I ran hard and fast despite my bare feet. The rocks on the ground cut and bruised me but I felt nothing. When the sun rose and a man stared at me as I ran past, I became aware of how blood-spattered my nightclothes were. I came finally to the road marked Refuge, and I understood why it was so smooth. The nature of Refuge is you are never prepared for when you will have to seek it. You might not be wearing shoes.

There were others on that road, some walking because they were old and infirm, but many were running, all trying to get there as soon as possible. I came upon a grizzled man driving a cart and weeping. He had run over someone in an accident. His cart was full of the blameless guilty but they made room for me. Their faces, like mine, were dirty and ashamed. Some huddled under blankets and robes despite the hot sun. Their eyes squinted and darted at the horizon, looking for those who might come after them. They jumped at every sound. We moved northward through a crusted over desert mostly in silence.
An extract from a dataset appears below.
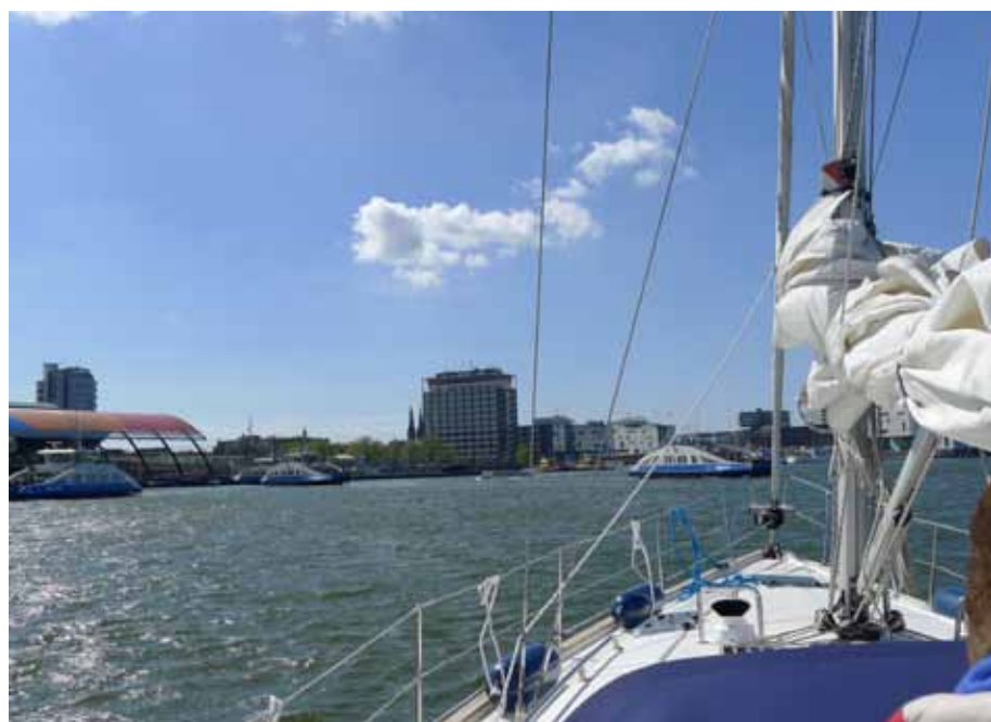
Druk verkeer op het IJ in Amsterdam

De eerste brug passeren we zonder problemen. Bij het aanvaren van de Oranjesluizen duurt het even, voordat ik de situatie goed in beeld heb. Beroepsverkeer vaart in en uit en met de kaart in de hand en vele helpende ogen aan boord, leggen we veilig aan bij de sport van de jachtensluis. We luisteren via de marifoon naar de aanwijzingen van de sluismeester en vervolgen onze vaarroute door Amsterdam.
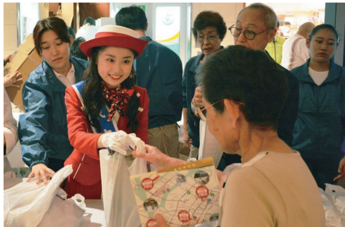
第67回中央区観光商業まつり開催中

10月1日、中央区観光商業まつりがスタートしました。11月3日まで、商店街や百貨店などが区内一円で中央区の魅力満喫できるさまざまなイベントを開催しています。東日本大震災復興支援チャリティーオープニングイベントでは、会場となった八重洲地下街に集まった皆さんに区内商店街の名産品が手渡され、多くの方でにぎわいました。

Another woman, younger than me, kept turning around to look behind us and exclaiming in a language that I did not understand. She would be turned away by the council of elders, because she was from a neighboring kingdom at war with our own, and the elders saw no reason to invite an attack on our city by sheltering one of their criminals. We later learned that when she returned to her village she was stoned to death.
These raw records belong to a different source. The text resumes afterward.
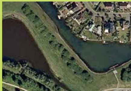
Goese Diep 2007

Minstens even belangrijk als een goede inrichting van een terrein is een natuurvriendelijk beheer. Op bovenstaande luchtfoto's is het effect te zien van ecologisch maaibeheer op een natuurterreintje in het Goese Diep. Op de luchtfoto uit 2022 is te zien hoe de bosrand een meer organische vorm
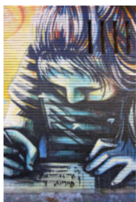
Roma, Casal Bernocchi, 2017

Illustrazioni tratte da “Sole e mare”, volume edito da Matilda Editrice
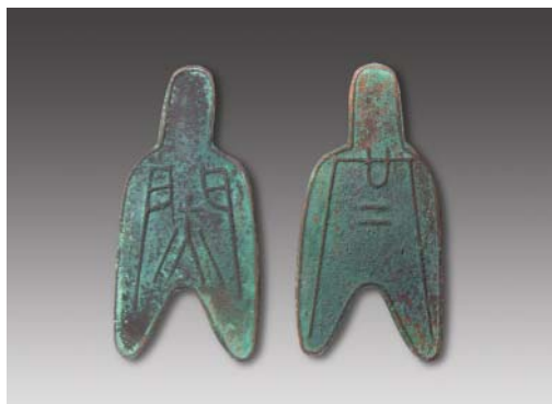
“蕮”圆足布（背廿二） 高：7.3厘米 重：16.18克 估价：18,000元（RMB）
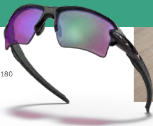
OAKLEY FLAK 2 € 180

Bezoek ons voor een persoonlijk advies en ontdek hoe een op maat gemaakte sportbril uw sportervaring kan transformeren. Maak een afspraak met onze specialisten voor een advies op maat.
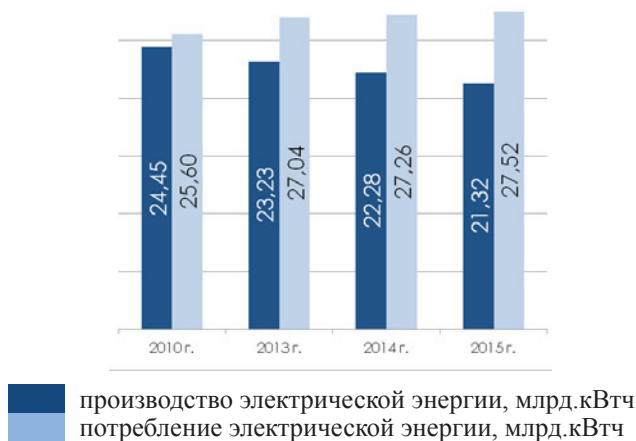
Рис. 1. Динамика производства и потребления электрической энергии в Республике Татарстан (по данным Росстата)

Следует отметить, что по итогам 2015 года энергоёмкость валового регионального продукта Республики Татарстан снизилась на 23,2% относительно базового 2007 года. Задача к 2020 году – обеспечить снижение энергоёмкости экономики Республики Татарстан еще на 16,8% (Рисунок 2).
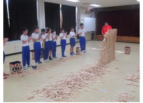
綺麗に片づけましょう
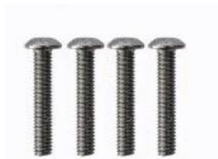
Rys. 4. M3 x 16 mm 4 szt
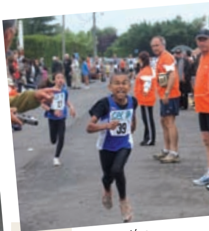
Les traditionnelles foulées de Saint-Pathus ont rassemblé de nombreux sportifs.
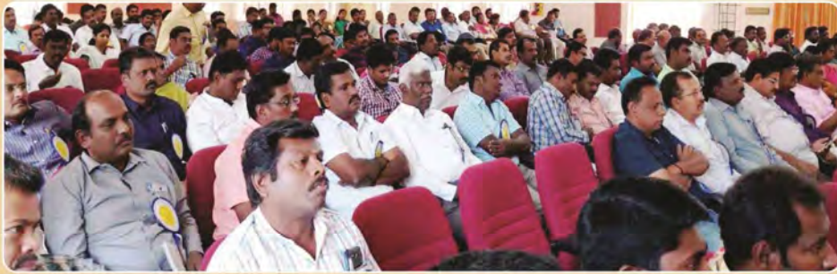
Views of Gathering
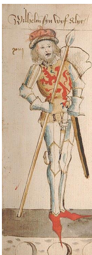
Willem I van Holland

Dirk sloot een ruilvereenkomst met het graafschap Holland, waardoor al zijn ministerialen en serveis die op Hollands grondgebied woonden aan Holland werden geschonken en alle ministerialen en serveis van de graaf van Holland die op Stichts grondgebied woonden aan de bisschop kwamen.

Before nightfall we could see the limestone walls of the city of refuge, the setting sun turning them from ochre to cadmium red. Once we got through the gates we were led to the room of waiting to be judged. In the room were more of us. A boy of eleven or so came about and recorded our answers to his questions. I listened to the replies of everyone, and when he came to me, I was already prepared:

“I am Yehudit B’nee Shmuel. Nineteen. From Eilat. I was a farmer. I killed my husband.” The little boy wrote my answers down officiously in shorthand and then informed me that if granted refuge I would be provided work and a home, and moved to the next person.

Other than the boy and his questions, the room was mostly silent. I would grow accustomed to this. We are all reflecting in this city. It’s a city of looking backwards.
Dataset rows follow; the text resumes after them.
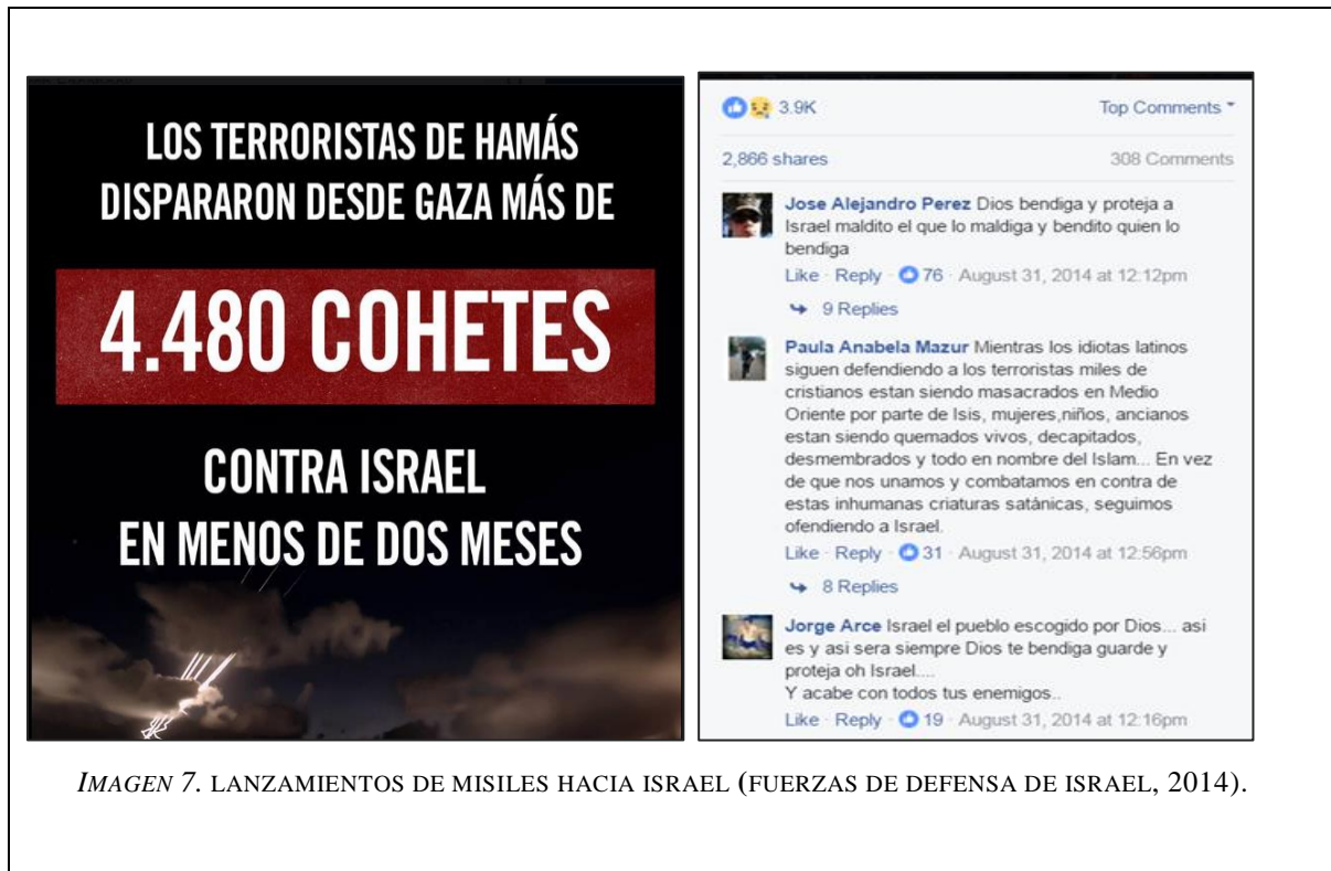
IMAGEN 7. LANZAMIENTOS DE MISILES HACIA ISRAEL (FUERZAS DE DEFENSA DE ISRAEL, 2014).
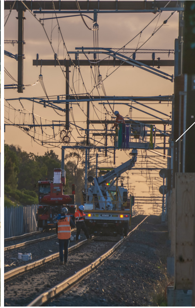
أشغال تجهيزية علوية غرب McGregor Road
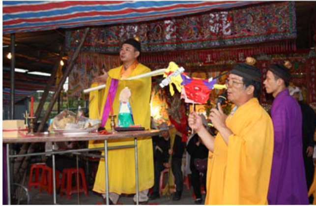
圖 7-2-2 淡水混玄壇道士施演功德儀式中的「走赦馬」
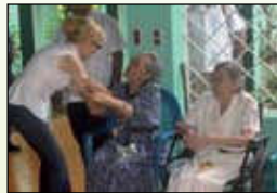
Residencia de ancianos
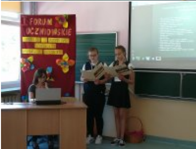
I Forum Uczniowskie
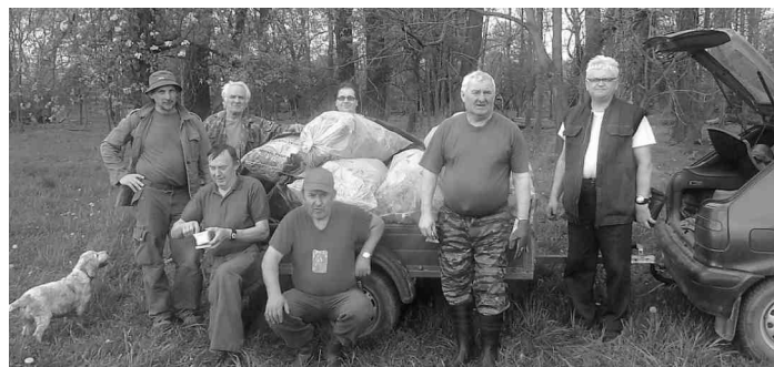
Myslivecká brigáda na jaře - sběr odpadu

Vysoký porost v lese tvoří nejen úkryt pro zvířata, ale bohužel je úkrytem i pro odpady různých druhů, jehož přivodcem je člověk (takzvaný moudrý). V přírodě lehce odhodí tu plastovou láhev, tam pivní flašku, například ve Farském lese najdete aspoň i vydatné skládky z minulosti, jejichž likvidace obec eká. Zbytečný úklid lesa jsme provedli letos na jaře před
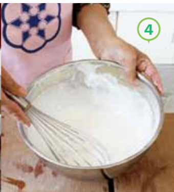
④ ③に②を混ぜ合わせ、ふるいにかけてながら、かるかん粉を入れ、ざっくりと混ぜ合わせる。
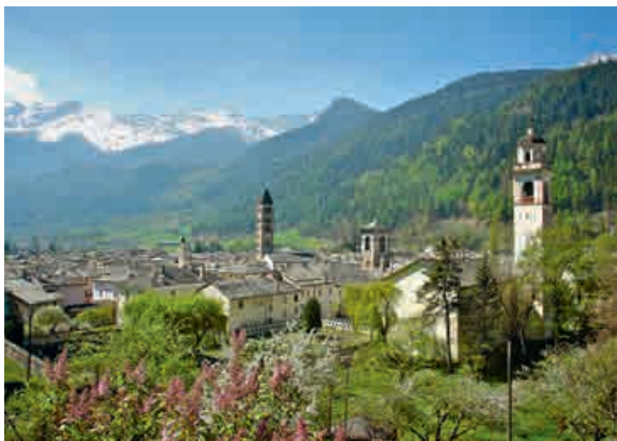
Das Puschlav ist Gast an der Gewerbeausstellung GALOR 2013 in Langendorf.

Einkaufstouristen sind auf den Geschmack gekommen, das wissen wir – zwischenzeitlich auch aufs Bier! Der gesamte Biermarkt Schweiz verzeichnete nämlich im vergangenen Braujahr (Oktober 2011 bis September 2012) einen Zuwachs von 31 236 Hektolitern Bier auf 4 623 631 Hektoliter. Die Zunahme von 0,7 Prozent ist nämlich geprägt durch einen erneuten Anstieg der Bierimporte von 4,1 Prozent. Der Importanteil beträgt nun bereits 23,7 Prozent. Jedes zweite Ausländer-Bier stammt dabei aus Deutschland. Die wachsende Beliebtheit des deutschen Bieres wird vorab mit der Preispolitik der Discounter und der anhaltend hohen Einwanderung aus dem nördlichen Nachbarland erklärt.

Later a little girl brought about bread and tea. Night fell. The boy shook me awake a few hours later and told me it was time for my case to be heard.


I can remember very well the first time I saw Lev. It was at market day and he had come to sell a pig and buy a goat to clear some land he had just received upon the death of his neighbor. Death for him was fortunate, until it was not. His eyes split a seam in my heart that I did not know was there. I was shy but he was not. He discovered where I lived and to my father made his intentions known while I watched through a crack in the door. My father sighed and said that we had nothing to give him. Lev smiled and said it meant nothing. He had already had a wife, who had died in childbirth, as had the child. He was rich from that dowry but full of sorrow.

Two weeks later he returned with figs and dates and olives and I went with him to his village. I would never see my father again. I wonder if he knows what I have done. He must have heard by now.


Men look at me in the store. Some of them find reasons to come back again and again, pretending to have forgotten something. Others are more reserved. I prefer them.

My new neighbor taught me how to make preserves out of gooseberries and I spend my evenings doing that. I sell the gooseberry preserves in the store. Sometimes, when the light is golden and children come in, I think that I want to take care of something. Silence returns when they leave, and I finger the jars of preserves, and I get a chill. I’m still getting used to the cold.